Categories: Risk Management
This article continues from my notes on acceptance testing in my region. The acceptance report or UAT Report as is typically known, is outlined here —
A UAT Report may be progressive such that it presents the summary of acceptance tests that are in progress at any time a report is needed, or a summary of concluded acceptance tests. It records the aggregation and or finality of test results, observations, discrepancies/deviations from the RTM, and resolutions if any that were made during the course of testing. 💯
The report may include out of scope testing such as tests or retests brought forward from a previous UAT regime. Or mention of (significant) outcomes from testing beyond formal test cases.

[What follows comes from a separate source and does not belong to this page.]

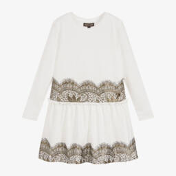 Girls ivory dress from Roberto Cavalli, with a pink and red 'undersea' print. Made in luxuriously soft silk, with a lightweight satin lining. The bodice is made of embroidered lace, with red beaded buttons to fasten.

The final report is usually signed-off by the parties involved. The document may serve as a binding document that the planned tests are conducted, and present plans i.e agreement for completing whatever else that may be outstanding after the tests.
A UAT Report may comprise contents e.g.
(Suggested) Contents of UAT Report
A UAT Report in essence-
- Presents a consolidated view of what has transpired. A historical record on the build (where possible); especially when things were made on the fly and lacking as-built documentation.
- Is applicable to everyone- and produced by anyone- with vested interest in the testing or project. Anyone authorized can contribute to the construction of the report.
- Emphasizes the terms to close a project phase (stage or work component) and move on to the next. The terms may include newly negotiated terms to deal with doubly unknowns uncovered during testing.
- Plan it as the end goal in testing. Exploit it as preparation, but to publicize structures and processes leading to the conclusion of testing.
How do we create an acceptable UAT Report?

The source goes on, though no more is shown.